Expected maturities relating to the Company’s debt obligations as of December 31, 2021 are as follows (in millions):
Fiscal year ending March 31,Expected Maturities
2022$— 
2023— 
20243,400.0 
20251,700.0 
20261,200.0 
Thereafter1,743.1 
Total$8,043.1 

Ranking of Convertible Debt - Each series of Convertible Debt is an unsecured obligation which is subordinated in right of payment to the amounts outstanding under the Company's Senior Indebtedness. The 2017 Junior Convertible Debt is expressly subordinated in right of payment to any existing and future senior debt of the Company (including the Senior Indebtedness and the Senior Subordinated Convertible Debt) and is structurally subordinated in right of payment to the liabilities of the Company's subsidiaries.  The Senior Subordinated Convertible Debt is subordinated to the Senior Indebtedness; ranks senior to the Company's indebtedness that is expressly subordinated in right of payment to it, including the 2017 Junior Convertible Debt; ranks equal in right of payment to any of the Company's unsubordinated indebtedness that does not provide that it is senior to the Senior Subordinated Convertible Debt; ranks junior in right of payment to any of the Company's secured and
unsecured unsubordinated indebtedness to the extent of the value of the assets securing such indebtedness; and is structurally subordinated to all indebtedness and other liabilities of the Company's subsidiaries.
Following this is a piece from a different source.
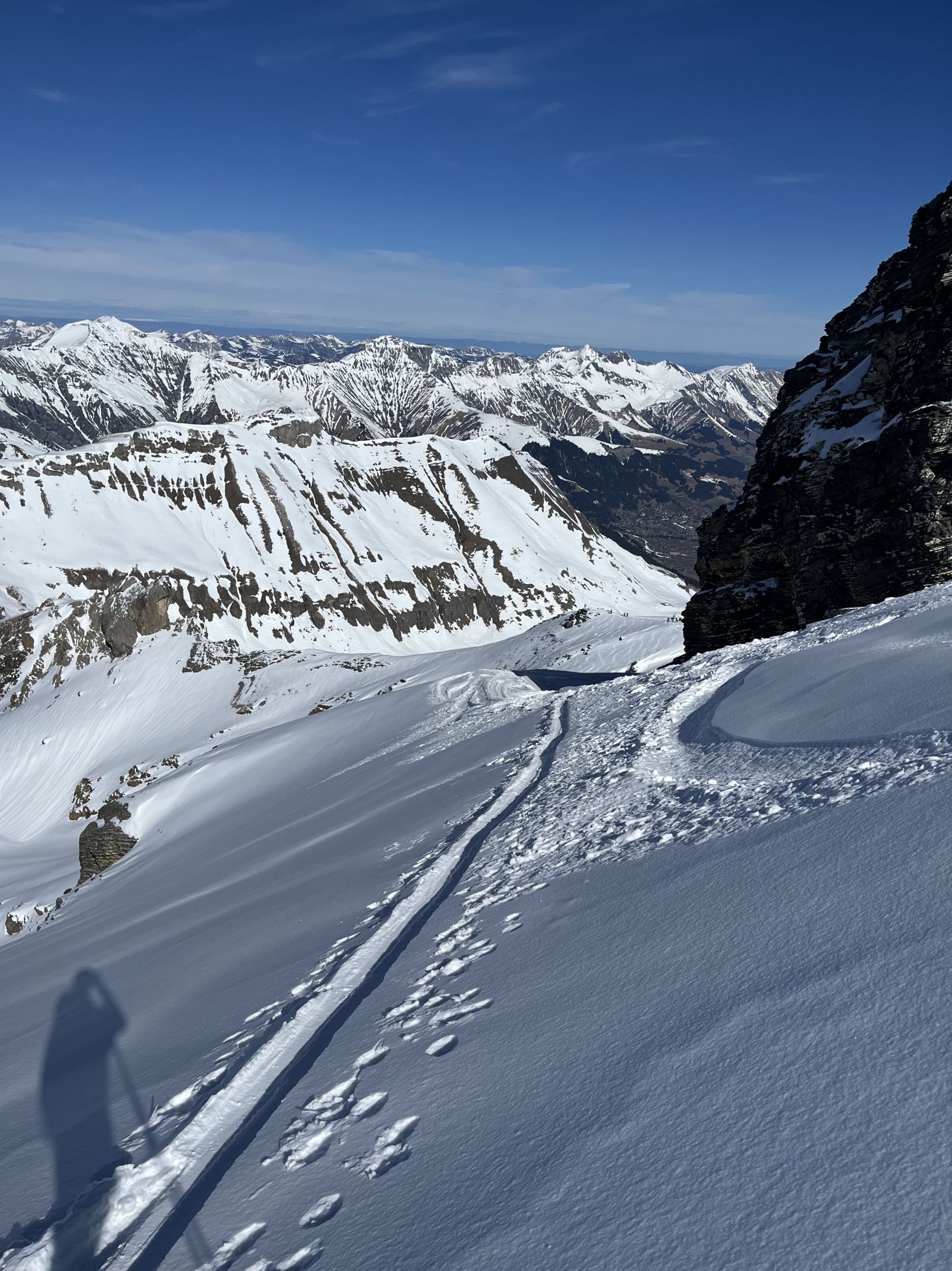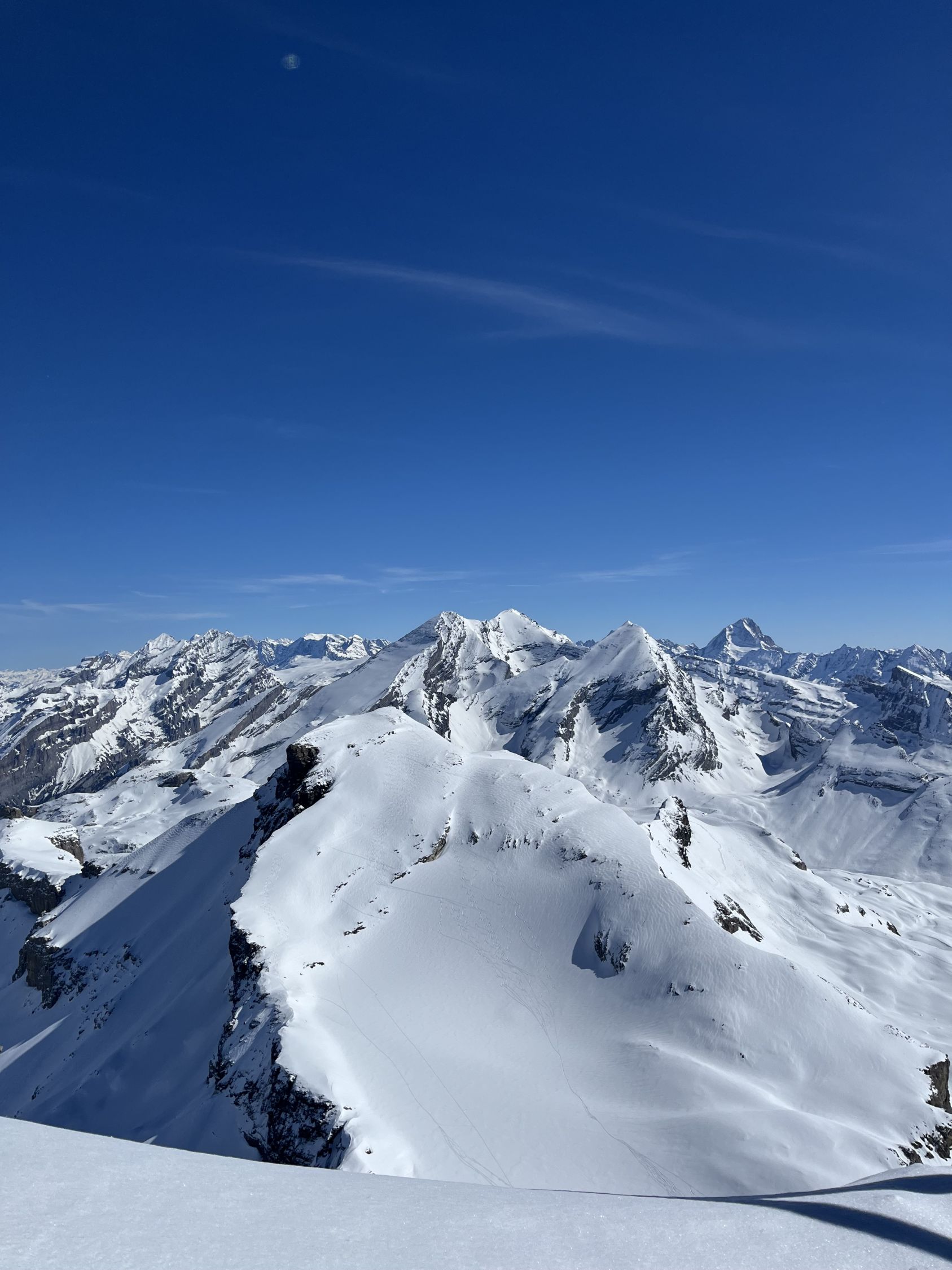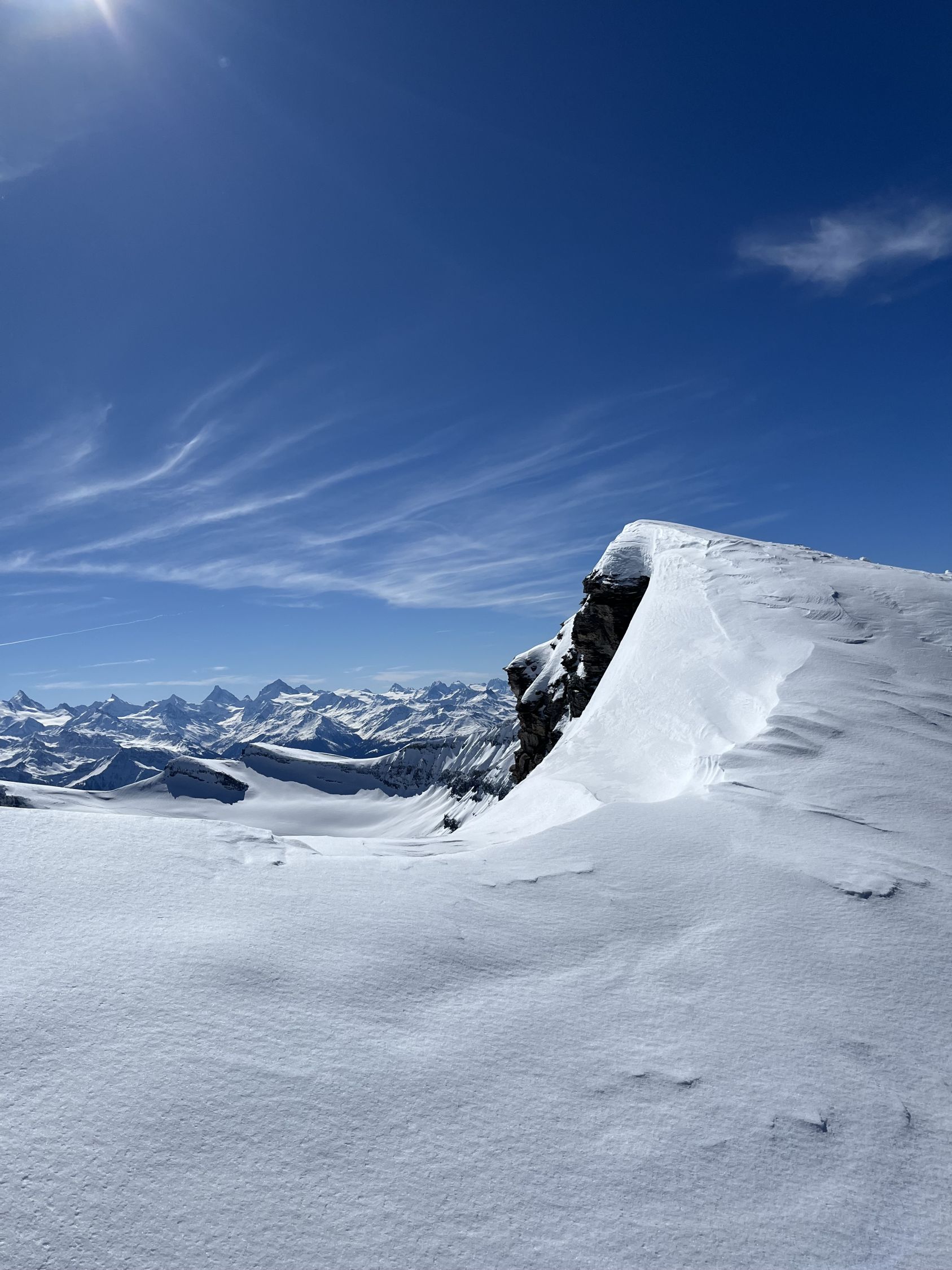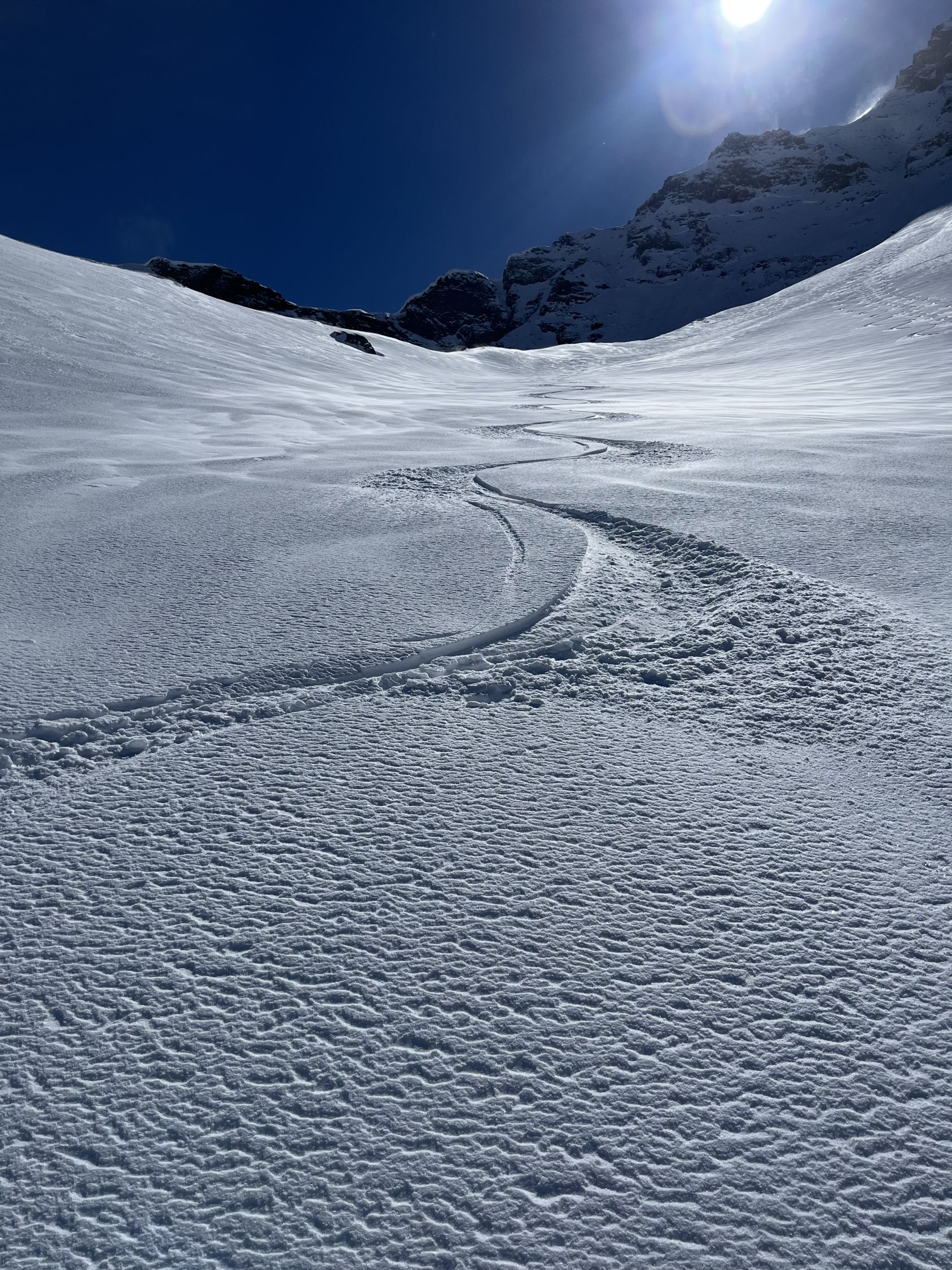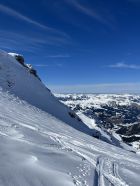 Um 8.45 Uhr auf die erste Bahn. Es hat schon auf der Engstligenalp 15 cm Neuschnee. Weiter oben ca. 25 -30cm frischer Pulver. Die Schneeverhältnisse waren bombastisch, Pulverschnee vom feinsten von oben bis unten. Beim Übergang zum Frühstückplatz hat es keine schöne Spur, nur um die Ecke. Beim Aufstieg müssen die Skier aufgebunden werden. Die Trittschneespur wird immer wieder vom Wind zugeweht. Steigeisen und Pickel sind hilfreich. Da es oben eine grosse Gwächte hat, haben Bergführer eine Trittschneespur um den Felsen gemacht. Wenn man sicher auf den Skier steht, kann man beim Frühstückplatz abfahren. Auf dem Gipfel war eine traumhafte Fernsicht. Der Wind war mässig. Es war einmal mehr eine wunderschöne Tour.

Summary of Conversion Features - Each series of Convertible Debt is convertible, subject to certain conditions, into cash, shares of the Company's common stock or a combination thereof, at the Company's election, at specified conversion rates (see table below), adjusted for certain events including the declaration of cash dividends. Except during the three-month period immediately preceding the maturity date of the applicable series of Convertible Debt, each series of Convertible Debt is convertible only upon the occurrence of (i) such time as the closing price of the Company's common stock exceeds the applicable conversion price (see table below) by 130% for 20 days (whether or not consecutive) during a period of 30 consecutive trading days ending on the last trading day of the immediately preceding fiscal quarter or (ii) during the 5 business day period after any 10 consecutive trading day period, or the measurement period, in which the trading price per $1,000 principal amount of notes of a given series for each trading day of the measurement period was less than 98% of the product of the last reported sale price of the Company's common stock and the applicable conversion rate on each such trading day or (iii) upon the occurrence of certain corporate events specified in the indenture of such series of Convertible Debt. In addition, for each series, with the exception of the 2020 Senior Convertible Debt, if at the time of conversion the applicable price of the Company's common stock exceeds the applicable conversion price at such time, the applicable conversion rate will be increased by up to an additional maximum incremental shares rate, as determined pursuant to a formula specified in the indenture for the applicable series of Convertible Debt, and as adjusted for cash dividends paid since the issuance of such series of Convertible Debt. However, in no event will the applicable conversion rate exceed the applicable maximum conversion rate specified in the indenture for the applicable series of Convertible Debt (see table below).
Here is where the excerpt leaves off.